Parteipolitischer Streit CSU weist Habecks Vorwürfe in Özil-Affäre zurück

Berlin · In der politischen Aufarbeitung des Falls Mesut Özil macht Grünen-Chef Habeck Innenminister Seehofer schwere Vorwürfe. Die Grünen erinnern vor allem an einen "fatalen" Seehofer-Spruch.

 Habeck bewertet die Wirkung von Seehofers Aussage als verheerend.

Habeck bewertet die Wirkung von Seehofers Aussage als verheerend.

Foto: Andreas Arnold

Die Affäre um den zurückgetretenen Fußball-Nationalspieler Mesut Özil sorgt auch parteipolitisch zunehmend für Streit.

Grünen-Chef Robert Habeck wies Innen- und Sportminister Horst Seehofer (CSU) eine Mitverantwortung für die Entfremdung vieler Deutsch-Türken und indirekt auch für Özils Abtritt aus der deutschen Nationalmannschaft zu. Daraufhin warfen die Christsozialen Habeck vor, den Fall parteipolitisch zu instrumentalisieren.

"Wenn der Sportminister sagt, dass der Islam nicht zu Deutschland gehört, dann ist das klar als Ausladung an alle muslimischen Spieler zu verstehen", sagte Habeck der "Rheinischen Post" (Mittwoch) mit Blick auf eine entsprechende Aussage von Seehofer im März.

Özil hatte in seiner öffentlichen Rücktrittserklärung am Sonntag Rassismus-Erfahrungen angeprangert und unter anderem kritisiert, Funktionäre des Deutschen Fußball-Bundes hätten seine türkischen Wurzeln nicht respektiert. Der 29-Jährige war vor allem wegen seiner Fotos mit dem türkischen Staatspräsidenten Recep Tayyip Erdogan im Vorfeld der Fußball-WM heftig kritisiert worden.

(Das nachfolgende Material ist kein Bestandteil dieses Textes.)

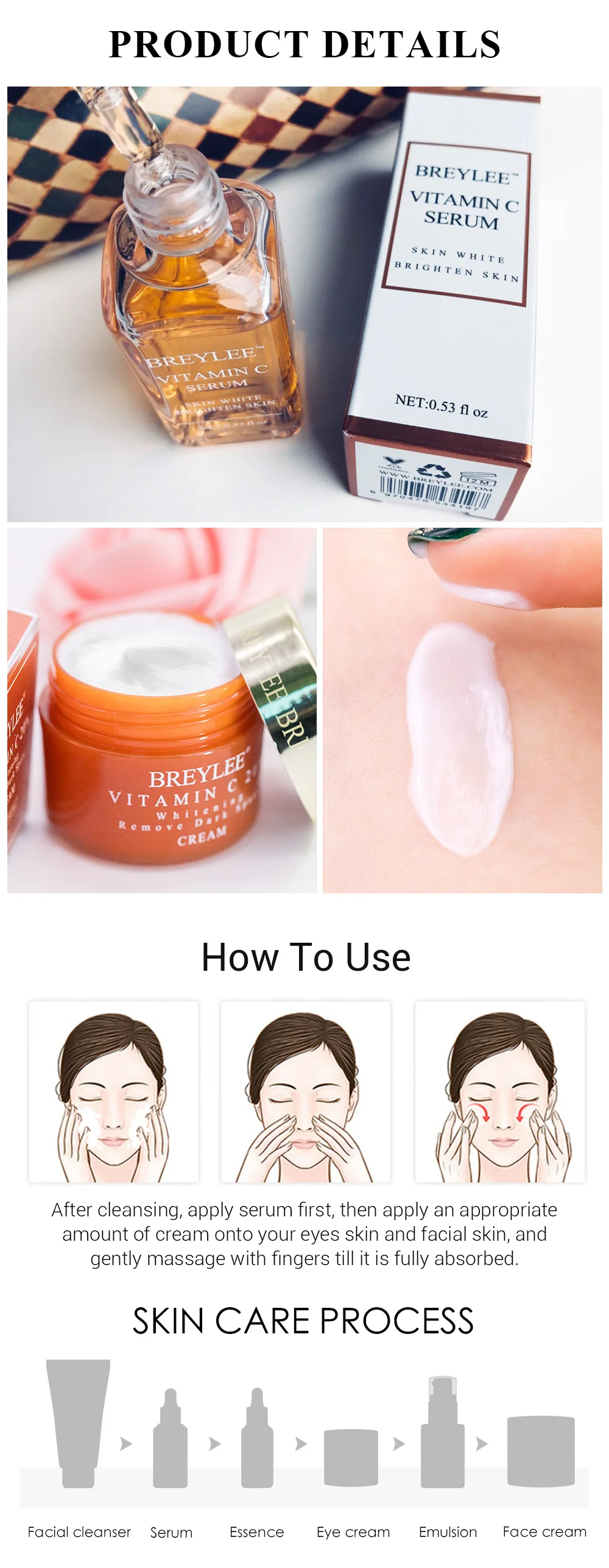 Отбеливающая сыворотка BREYLEE с витамином C для лица, увлажняющая уход за кожей, эссенция для удаления темных кругов и пятен, набор без возраста

CSU-Generalsekretär Markus Blume konterte, Habeck vertiefe mit seinen Aussagen die gesellschaftliche Spaltung, die er selbst beklage. "In seinem blinden Kampagneneifer gegen die CSU ist ihm keine Schuldzuweisung zu billig und niveaulos", sagte Blume der Deutschen Presse-Agentur in München. Bei Habeck habe "politische Scheinheiligkeit" Methode. "Heute Özil, am letzten Sonntag Amok: Am Jahrestag des Amoklaufs von München der CSU "Amok-Modus" vorzuwerfen, ist eine beispiellose Unanständigkeit. Da wäre mal eine Entschuldigung fällig."

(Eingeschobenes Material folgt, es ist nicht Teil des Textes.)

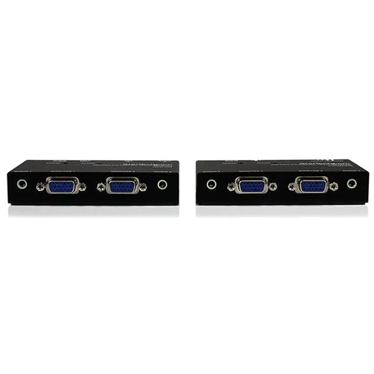 The ST122UTPA VGA Video Extender over Cat 5 with Audio allows up to 4 (2 local and 2 remote) monitors to be connected to a single PC. The video signal and corresponding audio are sent to the remote unit over standard 4 pair Category 5 or better (Cat 5e recommended) UTP cable, supporting extended video distances of up to 150m / 500ft.

Seehofer hatte im März der "Bild" gesagt: "Der Islam gehört nicht zu Deutschland. Deutschland ist durch das Christentum geprägt." Die hierzulande lebenden Muslime gehörten aber "selbstverständlich" dazu. Daraufhin war eine kontroverse Debatte entbrannt, in deren Verlauf sich nicht nur der Koalitionspartner SPD, sondern auch Kanzlerin Angela Merkel (CDU) klar von Seehofers Aussage distanziert hatten.

Habeck bewertete die Wirkung von Seehofers Aussage als verheerend. "Das Signal, das so an Menschen mit unterschiedlichen Wurzeln gesendet wird, ist fatal. Denn sie spüren genau, wie sie in unserem Land immer stärker ausgegrenzt und stigmatisiert werden."

Einer Umfrage zufolge bewerten zwei Drittel der Bundesbürger die öffentliche Kritik an Özil nicht als rassistisch motiviert. Das ergab eine Erhebung des Meinungsforschungsinstituts Civey, aus der die "Augsburger Allgemeine" (Donnerstag) vorab zitierte. 66,6 Prozent der ausgewählten Bürger beantworteten eine entsprechende Frage demnach mit "eher nein" oder "nein, auf keinen Fall".

Weniger als ein Drittel (28,7 Prozent) der Menschen glaubt hingegen, dass die öffentliche Kritik an Özil auch einen rassistischen Hintergrund habe. Runtergebrochen auf die Wähler einzelner Parteien sehen vor allem Sympathisanten der AfD (87,9), der FDP (76,3) und von CDU und CSU (74,3) keine rassistischen Motive.